+++ MATERIAL SUPPLIED
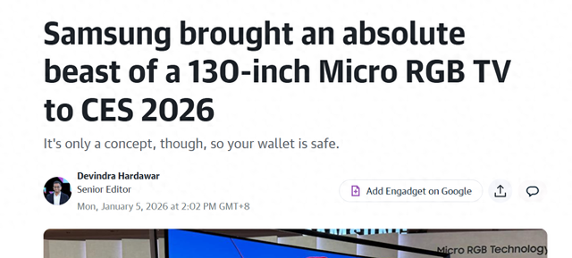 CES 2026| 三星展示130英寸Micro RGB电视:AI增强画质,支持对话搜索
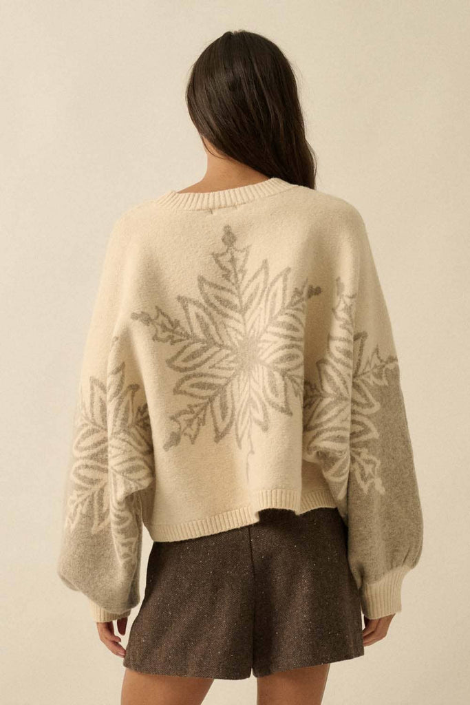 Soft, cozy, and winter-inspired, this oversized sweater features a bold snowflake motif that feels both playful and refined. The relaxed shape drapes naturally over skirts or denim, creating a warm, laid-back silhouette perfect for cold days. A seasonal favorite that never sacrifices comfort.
++++++
+++ MATERIAL SUPPLIED
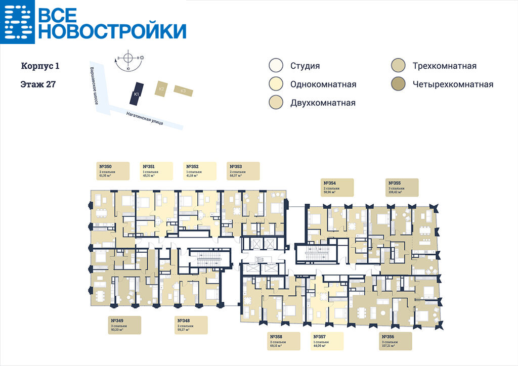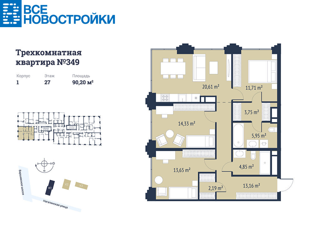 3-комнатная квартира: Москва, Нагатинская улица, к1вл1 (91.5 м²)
++++++
* EXERCISE AIM *
Precisely those lines above that run from the line with "CES 2026| 三星展示130英寸Micro RGB电视:AI增强画质,支持对话搜索" up to and including the line with "Soft, cozy, and" are to be set down, with the pictures omitted.

* SOLUTION FOR THIS EXERCISE *
 CES 2026| 三星展示130英寸Micro RGB电视:AI增强画质,支持对话搜索
 Soft, cozy, and winter-inspired, this oversized sweater features a bold snowflake motif that feels both playful and refined. The relaxed shape drapes naturally over skirts or denim, creating a warm, laid-back silhouette perfect for cold days. A seasonal favorite that never sacrifices comfort.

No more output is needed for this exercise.